Potential limitations to this study include: reaching adequate recruitment in this patient population, as it has been highlighted that researchers can be reluctant to recruit elderly patients to randomised controlled trials [24]; and ensuring a range of severity of CSDH patients are included, as the more severely unwell patients will be unable to consent for themselves and NOK consent may be perceived as a barrier to recruitment if they are not immediately available. To help overcome this, IHP consent is an option and we hope this will be utilised to ensure broad inclusion of appropriate patients. Finally, as this study is limited to the UK, it may be questioned how applicable it is to other populations; however, we have sought to recruit centres covering a diverse range of patient demographics and therefore envisage the results will still be widely applicable.

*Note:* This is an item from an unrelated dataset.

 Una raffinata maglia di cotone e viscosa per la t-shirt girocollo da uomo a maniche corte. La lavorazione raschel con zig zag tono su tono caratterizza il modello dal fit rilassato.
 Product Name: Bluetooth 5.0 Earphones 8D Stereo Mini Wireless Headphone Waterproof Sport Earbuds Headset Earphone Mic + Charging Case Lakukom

The trial has successfully completed its feasibility phase of the first 100 patients and is now into the final phase of recruitment in 22 neurosurgical centres throughout the UK. Regular review of unblinded safety data is performed by the IDMEC, who have reported no concerns thus far. There is weekly oversight of the trial by a trial management group and biannual TSC meetings. Neurosurgical trainees have also been essential to the ongoing success of the trial through the British Neurosurgical Trainees Research Collaborative (BNTRC). This is a group that was founded in 2012 with the aim of encouraging high-quality multi-centre research within UK neurosurgery [25]. It promotes the structure where there is a trainee co-principle investigator (Co-PI) at each centre, helping oversee local site management and recruitment alongside the PI and research nurse team. The Dex-CSDH trial offers a model of how multi-centre trials can be successful in the UK with support from the wider neurosurgical community, including trainee collaboration.

Trial status

Recruitment commenced on 13 August 2015 and is ongoing under protocol version 3 (27 Apr 2017) with 630 patients recruited as of 25 June 2018 across 22 UK sites. The protocol was written in line with the SPIRIT guidelines (see Additional file 1).